◆ What the exercise asks
Reproduce only this stretch of the listing below: from the line with "SICHER – Die" through the line with "男女別にみると、男性では「プ", exactly as written, with pictures excluded.

◆ Provided information
************

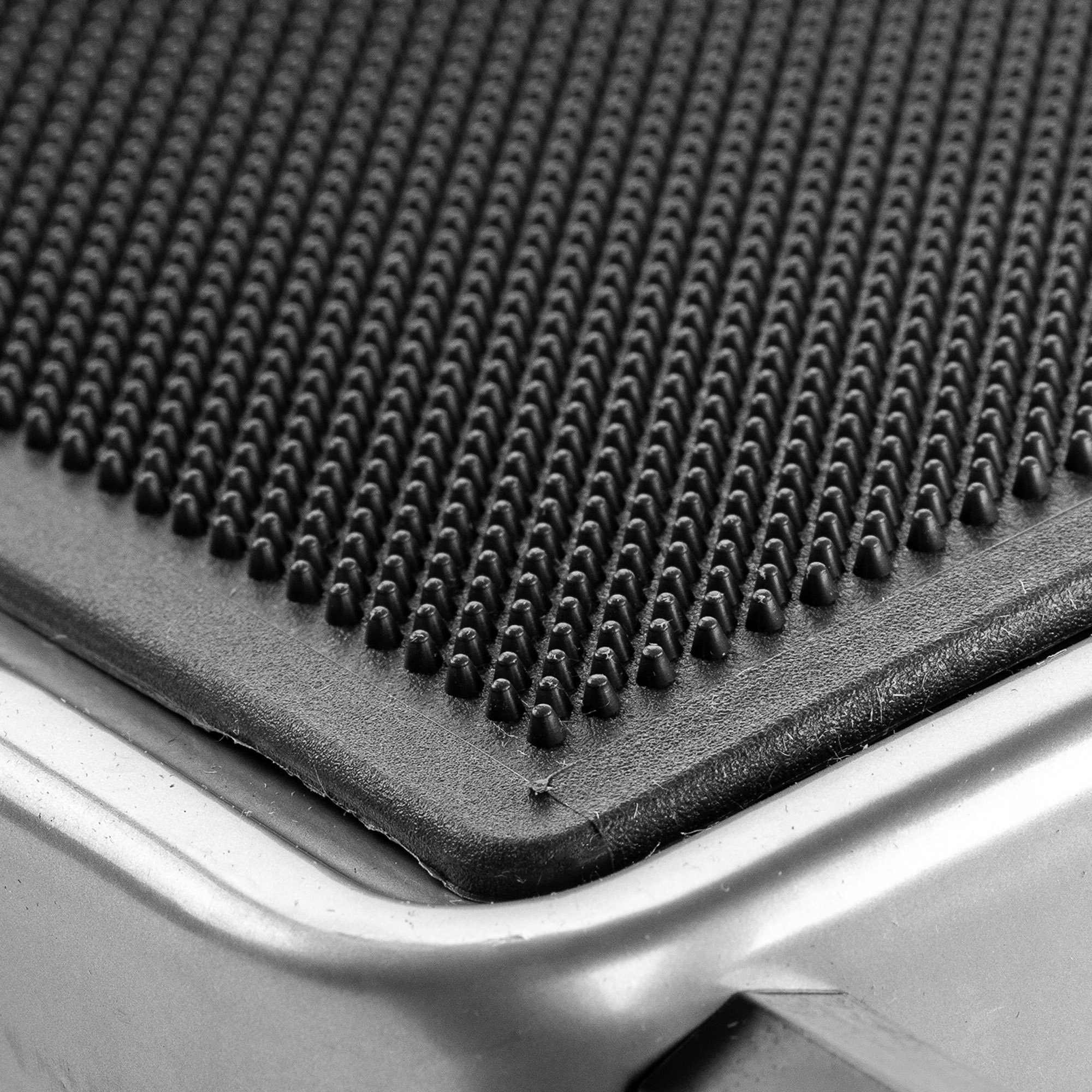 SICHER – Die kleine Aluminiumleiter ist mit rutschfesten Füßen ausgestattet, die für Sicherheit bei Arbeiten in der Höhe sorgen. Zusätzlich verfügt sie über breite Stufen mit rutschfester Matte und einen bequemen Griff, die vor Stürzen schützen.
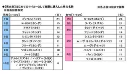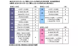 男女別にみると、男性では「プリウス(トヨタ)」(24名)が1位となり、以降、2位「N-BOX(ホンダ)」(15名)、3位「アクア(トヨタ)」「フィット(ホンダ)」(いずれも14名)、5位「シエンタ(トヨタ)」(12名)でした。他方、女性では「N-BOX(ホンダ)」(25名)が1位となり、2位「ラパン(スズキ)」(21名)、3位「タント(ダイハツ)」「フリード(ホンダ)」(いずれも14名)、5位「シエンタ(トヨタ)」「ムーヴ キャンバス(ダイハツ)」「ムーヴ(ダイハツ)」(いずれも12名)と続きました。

************

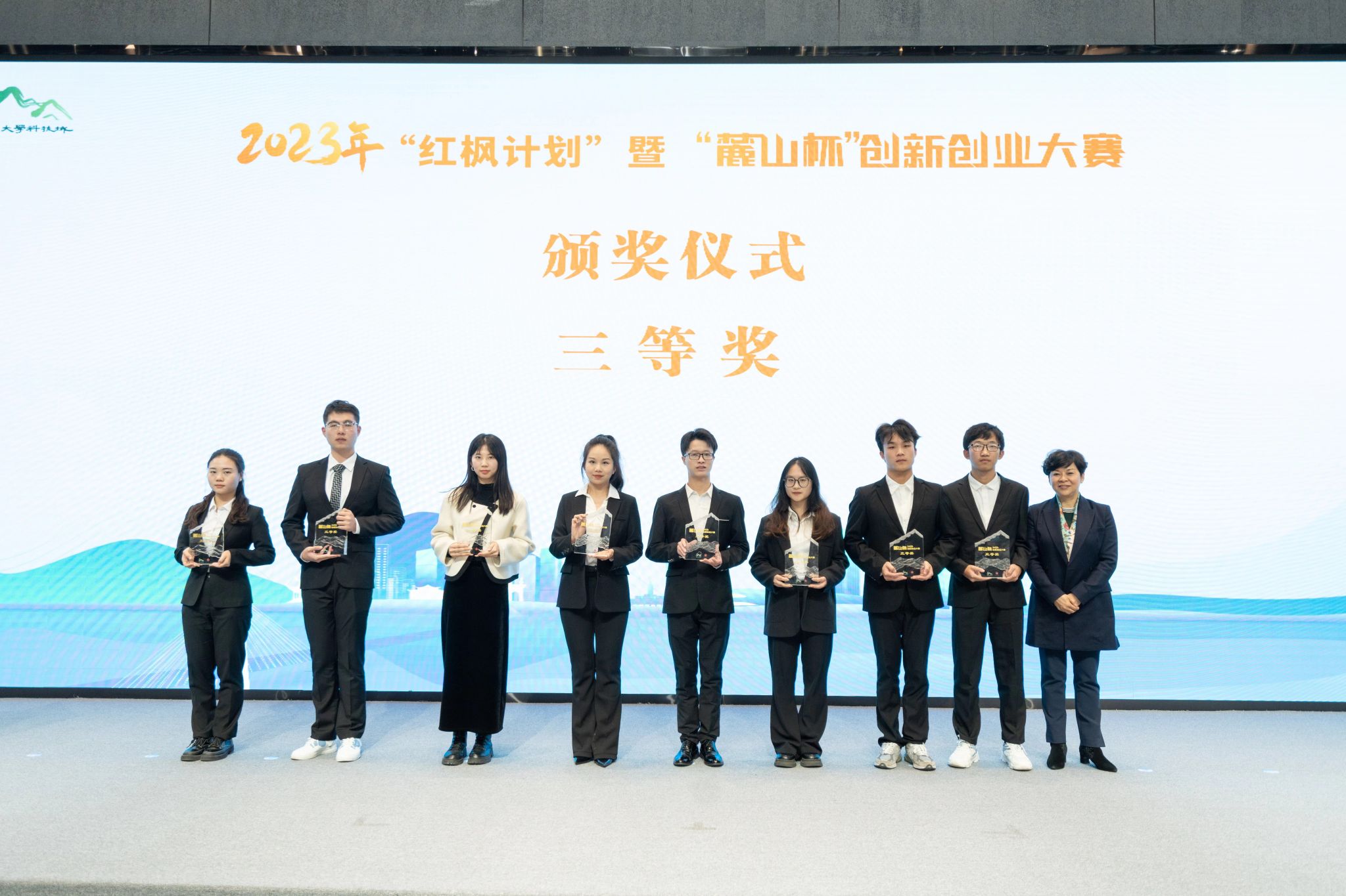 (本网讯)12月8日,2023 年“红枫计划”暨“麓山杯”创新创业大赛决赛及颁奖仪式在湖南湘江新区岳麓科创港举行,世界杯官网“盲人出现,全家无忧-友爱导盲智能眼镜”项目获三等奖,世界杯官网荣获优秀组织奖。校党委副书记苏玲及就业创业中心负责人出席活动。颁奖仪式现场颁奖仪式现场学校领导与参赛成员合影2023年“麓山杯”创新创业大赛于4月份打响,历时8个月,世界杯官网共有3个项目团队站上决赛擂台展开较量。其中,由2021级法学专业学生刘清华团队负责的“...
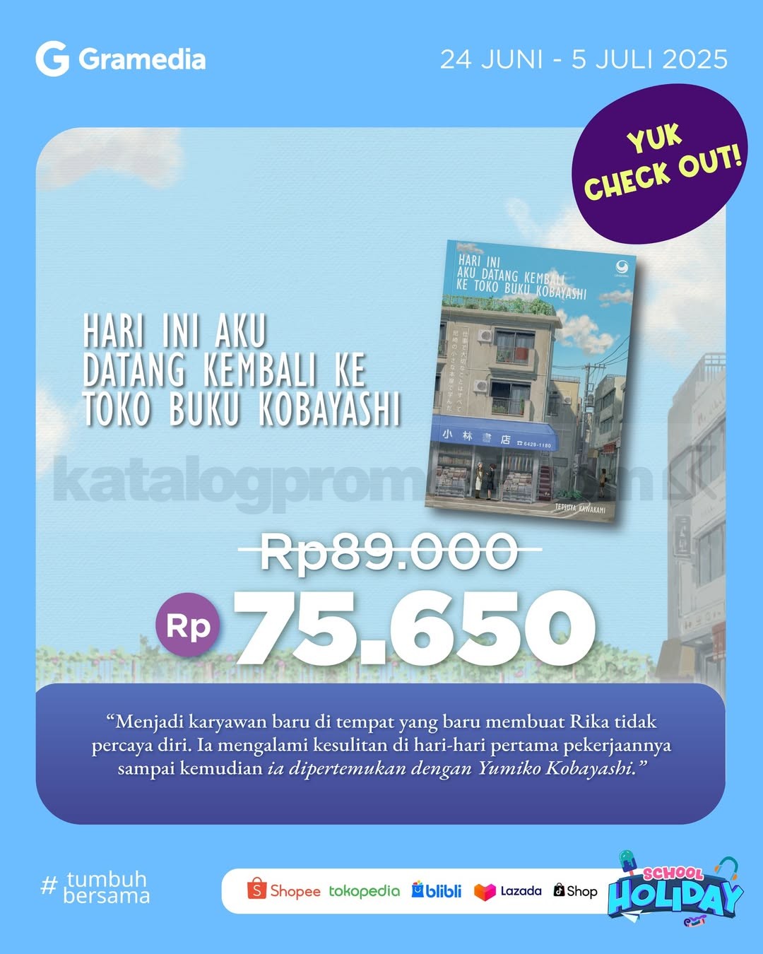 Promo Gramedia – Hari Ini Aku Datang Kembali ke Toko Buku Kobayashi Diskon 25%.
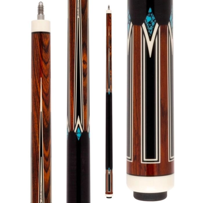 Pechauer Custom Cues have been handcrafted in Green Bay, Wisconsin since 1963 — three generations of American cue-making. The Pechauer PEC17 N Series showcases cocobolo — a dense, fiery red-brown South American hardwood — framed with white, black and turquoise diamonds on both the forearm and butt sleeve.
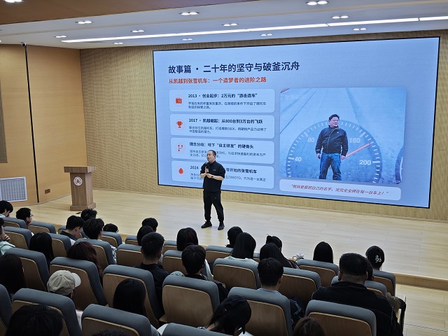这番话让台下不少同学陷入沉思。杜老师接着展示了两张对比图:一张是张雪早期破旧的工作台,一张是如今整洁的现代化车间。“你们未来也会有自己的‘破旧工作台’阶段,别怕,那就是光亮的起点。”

************

◆ Worked solution
 SICHER – Die kleine Aluminiumleiter ist mit rutschfesten Füßen ausgestattet, die für Sicherheit bei Arbeiten in der Höhe sorgen. Zusätzlich verfügt sie über breite Stufen mit rutschfester Matte und einen bequemen Griff, die vor Stürzen schützen.
 男女別にみると、男性では「プリウス(トヨタ)」(24名)が1位となり、以降、2位「N-BOX(ホンダ)」(15名)、3位「アクア(トヨタ)」「フィット(ホンダ)」(いずれも14名)、5位「シエンタ(トヨタ)」(12名)でした。他方、女性では「N-BOX(ホンダ)」(25名)が1位となり、2位「ラパン(スズキ)」(21名)、3位「タント(ダイハツ)」「フリード(ホンダ)」(いずれも14名)、5位「シエンタ(トヨタ)」「ムーヴ キャンバス(ダイハツ)」「ムーヴ(ダイハツ)」(いずれも12名)と続きました。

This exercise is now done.